Khalil Ahmed, Parker Mikhail, Mpanga Richard, Cevik Sebnem E, Thorburn Cassandra, Suvorov Alexander
Department of Environmental Health Sciences, School of Public Health and Health Sciences, University of Massachusetts Amherst, Amherst, Massachusetts 01003.
Medical Biotechnology Department, Genetic Engineering and Biotechnology Research Institute, City of Scientific Research and Technological Applications, Alexandria 21934, Egypt.
J Endocr Soc. 2017 Mar 14;1(4):323-344. doi: 10.1210/js.2016-1011. eCollection 2017 Apr 1.

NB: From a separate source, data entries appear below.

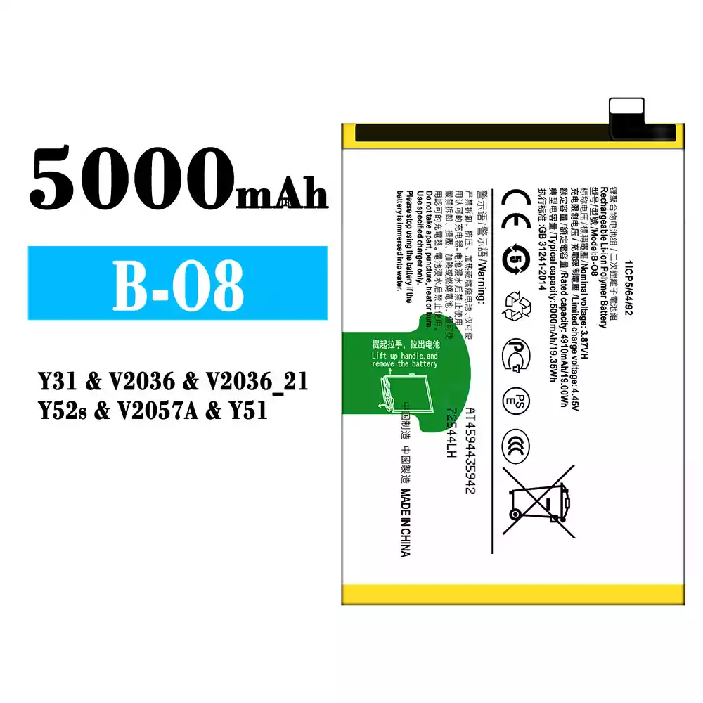Accu B-O8 voor VIVO Y31/Y52s/Y51/V2036/V2036_21/V2057A
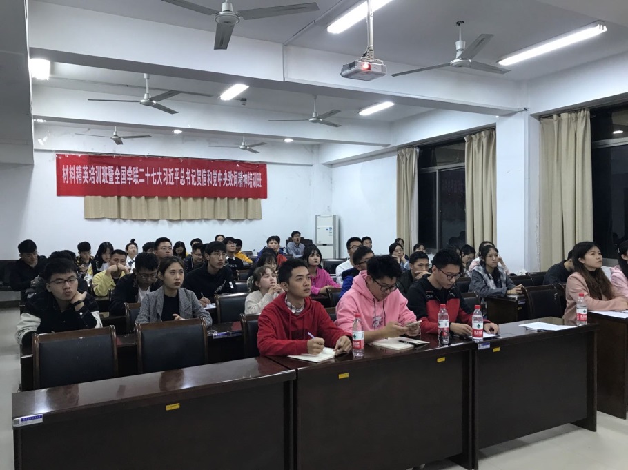 2020年10月18日,2020-2021学年材料精英培训班第一期于肉漫画 301会议室正式举行,本期材精班的主题是集中学习全国学联二十七大习近平总书记贺信和党中央致词精神。
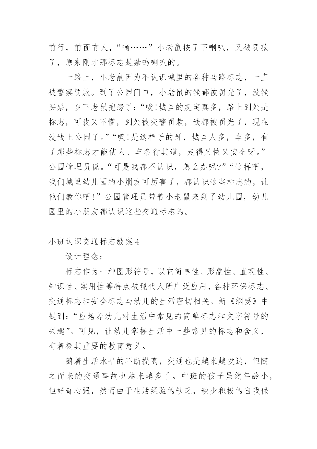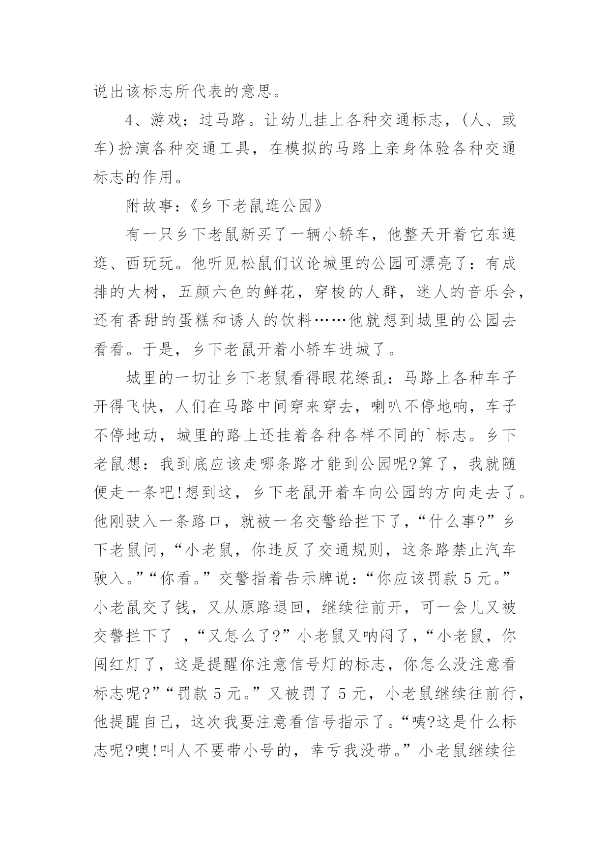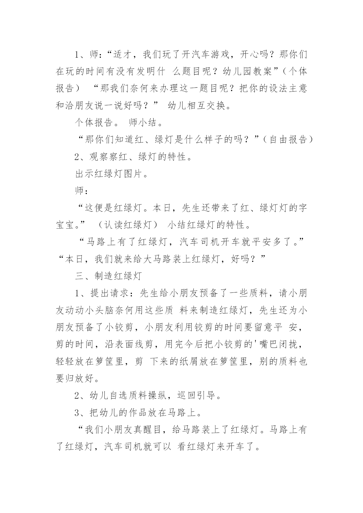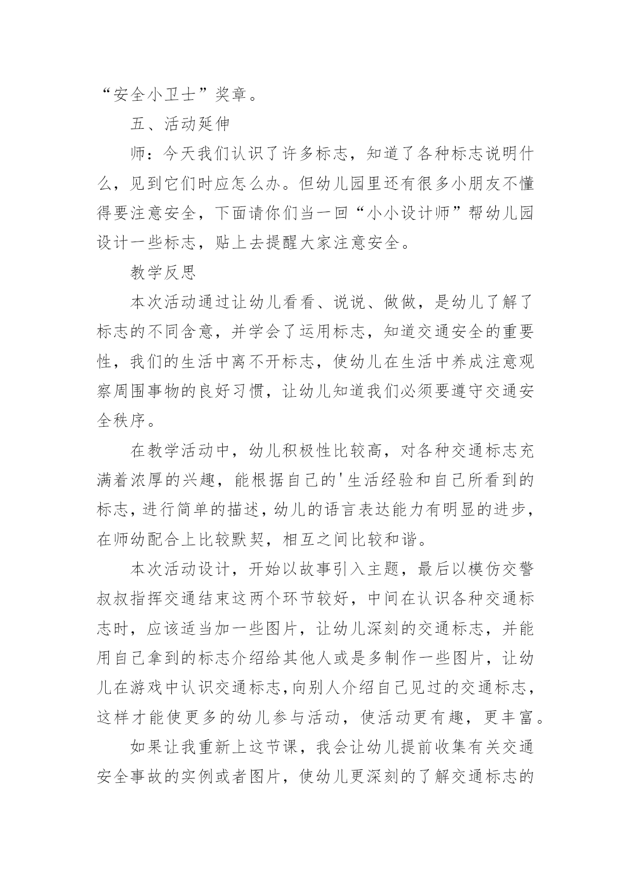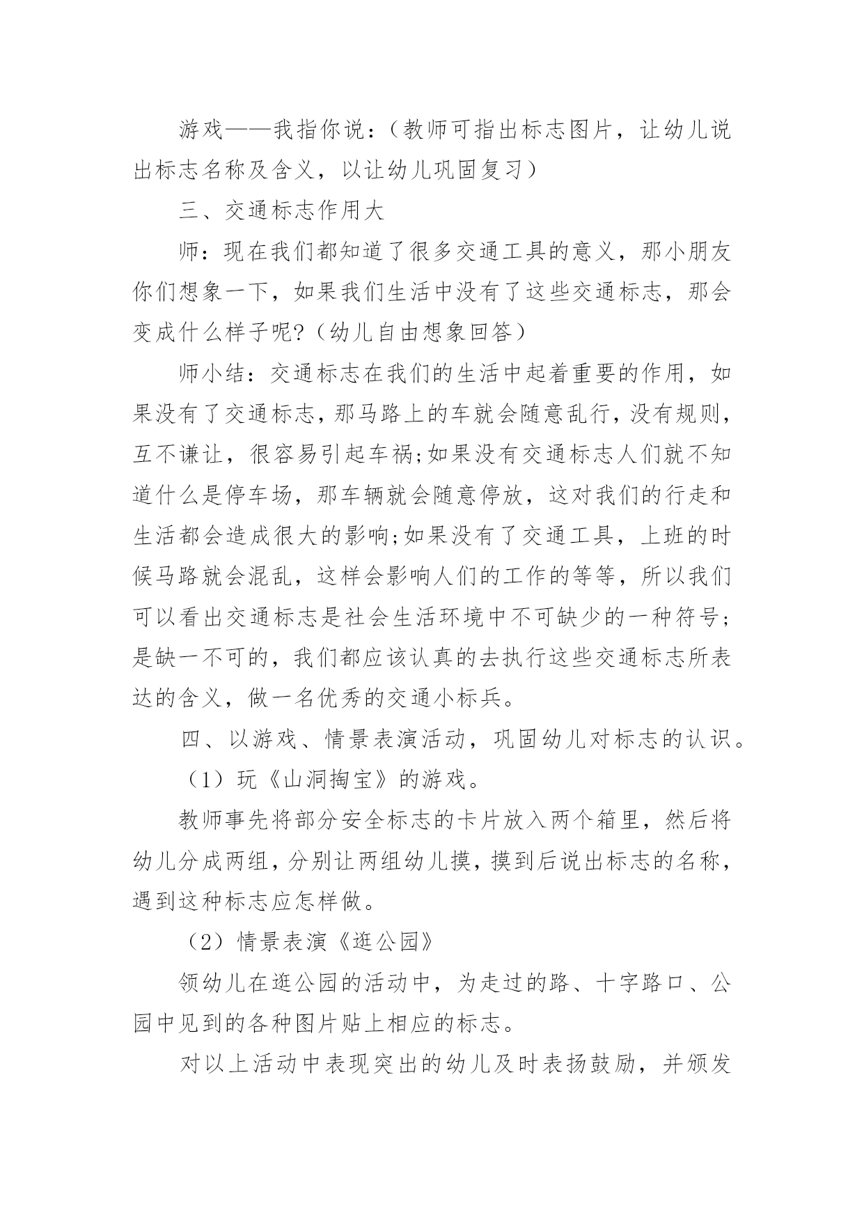 小班认识交通标志教案作为一位杰出的教职工,时常要开展教案准备工作,编写教案有利于我们科学、合理地支配课堂时间。那么教案应该怎么写才合适呢?以下是小编精心整理的小班认识交通标志教案,欢迎大家分享。小班认识交通标志教案1一、运动目的1、感知红、绿灯的特性、用处。2、开端实验用铰剪沿表面线剪,孕育发生敌手工运动的爱好。3、实验按旌旗灯号做行动,开端具有服从交通法则的意识。4、认读汉字“红灯”“绿灯”。运动预备配置马路(没有红绿灯)、红绿腊光、纸、胶水、抹布、牙膏盒、橡皮泥、音乐磁带、灌音机、红绿灯图片、字卡“红灯”、“绿灯”。运动过程:引起幼儿运动爱好师:“瞧,大马路上停着那么多玩具汽车,你们想玩吗?那我们来当小司机,把这些汽车开起来,好吗?开的时间要在马路上开”。幼儿自由玩汽车。(听音乐)师:“汽车累了,我们让他们苏息一下,我们也苏息一下吧。”二、感知红绿灯的特性、用处1、师:“适才,我们玩了开汽车游戏,开心吗?那你们在玩的时间有没有发明什么题目呢?幼儿园教案”(个体报告)“那我们奈何来办理这一题目呢?把你的设法主意和洽朋友说一说好吗?”幼儿相互交换。个体报告。师小结。“那你们知道红、绿灯是什么样子的吗?”(自由报告)2、观察察红、绿灯的特性。出示红绿灯图片。师:“这便是红绿灯。本日,先生还带来了红、绿灯灯的字宝宝。”(认读红绿灯)小结红绿灯的特性。“马路上有了红绿灯,汽车司机开车就平安多了。”“本日,我们就来给大马路装上红绿灯,好吗?”三、制造红绿灯1、提出请求:先生给小朋友预备了一些质料,请小朋友动动小头脑奈何用这些质料来制造红绿灯,先生还为小朋友预备了小铰剪,小朋友利用铰剪的时间要留意平安,剪的时间,沿表面线剪,用完今后把小铰剪的'嘴巴闭拢,轻轻放在箩筐里,剪下来的纸屑放在箩筐里,别的质料也要归放好。2、幼儿自选质料操纵,巡回引导。3、把幼儿的作品放在马路上。“我们小朋友真醒目,给马路装上了红绿灯。马路上有了红绿灯,汽车司机就可以看红绿灯来开车了。如今我们再来当一回小司机好吗?这回小司秘密看旌旗灯号来开车了。四、幼儿园教育随笔游戏“红绿灯”1、交接游戏法则,看旌旗灯号做行动。2、幼儿游戏,模拟开汽车行动,一个随着一个向前跑,按旌旗灯号做行动。小班认识交通标志教案2活动目标:1、认识常见的交通标志,知道标志是社会生活环境中不可缺少的一种符号。2、了解标志的作用和特征。3、培养幼儿的规则意识,激发幼儿对交通标志的兴趣。4、激发幼儿的想象创造标志,培养幼儿的创造能力。5、使幼儿学会按标志行动。教学重点、难点:重点:教幼儿认识部分安全标志,掌握其含义,培养自我保护意识和能力。难点:引导孩子在日常生活中遵守交通规则,较好的处理突发事件,注意安全。活动准备:1、教学活动课件,安全图片。2、事先创设好逛公园环节的场景(如马路、十字路口和各种图片)。3、万宝箱两个、幼儿用的小标志若干,幼儿设计标志用的纸笔等材料。4、小老鼠布偶一个。活动过程:(活动过程的表述不必详细到将教师、学生的所有对话、活动逐字记录,但是应该把活动的主要环节很清楚地再现,即开始环节、基本环节、结束环节、延伸环节。注:重点表述基本环节)一、故事导入:师:小朋友,今天早上有个小动物委托我们帮他一个忙。到底是谁呢?它又遇到了什么困难呢?我们快一起来看看吧!(师出示布偶表演情景戏)师:前几天小老鼠舒克新买了一辆小汽车,这不今天早上它就开着它的小车来我们威海游玩,但是一进城,它发现我们的马路上到处有着很多它不认识的标志,这些标志它从来没有看见过,也不知道是什么意思,所以它不敢开车进城,只好来请教我们小朋友了!二、认识交通标志(播放课件,引起幼儿兴趣)师:瞧!小老鼠舒克把这些交通标志都给画了下来,我们快一起来看看它们都代表着什么意思吧!课件出示各种交通标志的图片,请幼儿自由发表自己的意见,试着说出这些分别是什么标志,分别代表着什么意思)师:刚才小朋友都说出这些标志的意义,那到底说的对不对呢?曾老师来告诉你吧!(师详细讲解每个交通标志的名称及意义)游戏——我指你说:(教师可指出标志图片,让幼儿说出标志名称及含义,以让幼儿巩固复习)三、交通标志作用大师:现在我们都知道了很多交通工具的意义,那小朋友你们想象一下,如果我们生活中没有了这些交通标志,那会变成什么样子呢?(幼儿自由想象回答)师小结:交通标志在我们的生活中起着重要的作用,如果没有了交通标志,那马路上的车就会随意乱行,没有规则,互不谦让,很容易引起车祸;如果没有交通标志人们就不知道什么是停车场,那车辆就会随意停放,这对我们的行走和生活都会造成很大的影响;如果没有了交通工具,上班的时候马路就会混乱,这样会影响人们的工作的等等,所以我们可以看出交通标志是社会生活环境中不可缺少的一种符号;是缺一不可的,我们都应该认真的去执行这些交通

Polybrominated diphenyl ethers (PBDEs) were used as flame-retardant additives in a wide range of polymers. The generations born when environmental concentrations of PBDEs reached their maximum account in the United States for one-fifth of the total population. We hypothesized that exposure to PBDEs during sensitive developmental windows might result in long-lasting changes in liver metabolism. The present study was based on experiments with CD-1 mice and human hepatocellular carcinoma cells (human hepatoma cell line, HepG2). Pregnant mice were exposed to 0.2 mg/kg 2,2',4,4'-tetrabromodiphenyl ether (BDE-47) from gestation day 8 until postnatal day 21. The metabolic health-related outcomes were analyzed on postnatal day 21 and postnatal week 20 in male offspring. Several groups of metabolic genes, including ribosomal and mitochondrial genes, were significantly upregulated in the liver at both points. Genes regulated via mechanistic target of rapamycin (mTOR) pathway, the gatekeeper of metabolic homeostasis, were whether up- or downregulated at both measurement points. On postnatal day 21, but not week 20, both mTOR complexes in the liver were activated, as measured by phosphorylation of their targets. mTOR complexes were also activated by BDE-47 in HepG2 cells . The following changes were observed at week 20: a decreased number of polyploid hepatocytes, suppressed cytoplasmic S6K1, twofold greater blood insulin-like growth factor-1 and triglycerides, and 2.5-fold lower expression of fatty acid uptake membrane receptor CD36 in liver tissue. Thus, perinatal exposure to environmentally relevant doses of BDE-47 in laboratory mice results in long-lasting changes in liver physiology. Our evidence suggests involvement of the mTOR pathway in the observed metabolic programming of the liver.
多溴二苯醚(PBDEs)曾作为阻燃添加剂被广泛应用于各类聚合物中。在美国,PBDEs环境浓度达到峰值时出生的人群占总人口的五分之一。我们推测,在敏感发育窗口期接触PBDEs可能会导致肝脏代谢发生持久变化。本研究基于对CD - 1小鼠和人肝癌细胞(人肝癌细胞系HepG2)的实验。怀孕小鼠从妊娠第8天至出生后第21天暴露于0.2 mg/kg的2,2',4,4'-四溴二苯醚(BDE - 47)。在出生后第21天和出生后第20周对雄性后代的代谢健康相关指标进行分析。包括核糖体和线粒体基因在内的几组代谢基因在这两个时间点的肝脏中均显著上调。通过雷帕霉素作用机制靶点(mTOR)途径调控的基因,即代谢稳态的守门人,在两个测量点均有上调或下调。在出生后第21天,而非第20周,肝脏中的两种mTOR复合物被激活,这通过其靶点的磷酸化来衡量。在HepG2细胞中,BDE - 47也激活了mTOR复合物。在第20周观察到以下变化:多倍体肝细胞数量减少、细胞质S6K1受抑制、血液中胰岛素样生长因子-1和甘油三酯增加两倍,以及肝脏组织中脂肪酸摄取膜受体CD36的表达降低2.5倍。因此,围产期在实验室小鼠中暴露于环境相关剂量的BDE - 47会导致肝脏生理发生持久变化。我们的证据表明mTOR途径参与了所观察到的肝脏代谢编程。